Control System Testing #38

Closed podhrmic closed 3 years ago

In GitLab by @podhrmic on Aug 13, 2020, 14:41

aka Controls Regression Tests, Baseline controller test, Control System Fuzzer

Assumptions

I am assuming that the user of our tool will use various techniques for their control system design, such as Matlab, Simulink, Python Controls toolbox. They will often use a linearized model of the plant, and use typical methods for measuring the controller's performance (with the linear plant) - such as overshoot, damping ratios, pole placement, frequency response (bode plots, or for MIMO systems sigma values and SVD).

Once the controller is designed, they will likely implement it either manually or through code autogeneration, and end up with some discrete controller, that in some way resembles the original design. It could also just be a black box with a neural network, fuzzy rules, etc.

As a result, I don't think it makes sense to reproduce functionality of Matlab's control system toolbox, or including Python's Controls module. For non-linear MIMO systems the impulse and step response is less important, and bode frequency plot make less sense. I assume the user already did their homework and analyzed their controller in some way ahead of time.

Implications

We are given a controller as a black box - it can be a simple LQR, or a complex non-linear LEC (Neural network for example). We need to test controller's robustness wrt. plant perturbations, and especially look for the corner cases.

[Please correct me if I am wrong here MP] In the industry, the testing of final implemented controller is typically qualitative - either simulation with a non-linear plant, and observing the outputs, or some Software/Hardware-In-The-Loop setup with multiple simulation runs. We want to provide more automated version of such, look for the edge cases and provide examples of failures if we can find such.

We also need specifications of what the controller should actually achieve - then we can compare the resulting simulation trajectory with the specifications (treat is as assertions).

Proposed first step

I have two ideas:

[Time response] Probing the operating region

A controller is designed around some operating region.
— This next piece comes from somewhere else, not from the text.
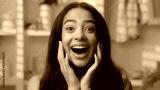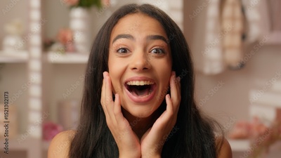 Happy shocked excited surprised woman Hispanic latina girl amazed female wonder shock good news wow holding face open mouth wow shock emotion astonishment stunned emotional in pink candy bathroom home

This region can be easily specified. Our tool would sample the initial conditions x0 from the operating region, run the simulation, and compare the reference signal with the actual signal. Some measure of error would be necessary, based on the amount of error the controller either passes or fails.

This technique could be used for both LLC (and track ps, Nz etc.), and autopilots (for example: Altitude hold autopilot - track if the desired altitude is achieved in the specified time).

Running multiple simulations in parallel would be necessary. Speeding up CSAF and 0MQ might be necessary, although it is unclear how much time to spend on it.

[Frequency response] Generalized SVD for nonlinear systems

Since for MIMO systems, bode plots don't accurately capture the behavior of the system in the frequency domain, Singular Value Decomposition is used for linear state space systems. If I can get a nonlinear state space model of the system, I can maybe analytically solve SVD and plot the sigma min/max values as well. But if I cannot get the state space representation of the system - is there anything else I can do to get similar information? Further research here is needed.

Summary

Please let me know what you think. I intend to use the new CSAF framework (hence I opened the issue here) for the simulations etc. Probably provide this "tester" as a script.

@zutshi @mattclark @bauer-matthews @cslockett @elew

In GitLab by @EthanJamesLewon Aug 14, 2020, 10:40

This sounds good, and I believe the time response is akin to something that @cslockett mentioned. This issue may start to inform the analysis part of CSAF.

In GitLab by @zutshi on Aug 14, 2020, 13:31

I really like Control System Fuzzer. But let's start with a static/manual test suite, and then move on to a automatic fuzzer. The manually written tests should be cheap to build, but will highlight the objectives.
Step responses are easy and cheap to build, and when tried with edge cases for initial conditions (x0) and params can highlight potential unstable responses. That said, I would love frequency based tests, as they complement time domain testing.

Software-in-the-loop (SIL) testing is what I had in mind. We can provide an API to help users write specifications over the time domain step response and frequency domain response and check them. For example,

Test_StepResponse.settling_time(controller, 10.0s, plant, steady_state=..., plant_params=...)
Test_StepResponse.max_overshoot(controller, 2.0, plant, steady_state=..., plant_params=...)
...
Test_FreqResponse...

Once we have the specification writing down, or even a simple API, we can think about fuzzing techniques to find violations.

In GitLab by @podhrmic on Aug 14, 2020, 14:42

I like the step response idea. I will start with that and see what comes up.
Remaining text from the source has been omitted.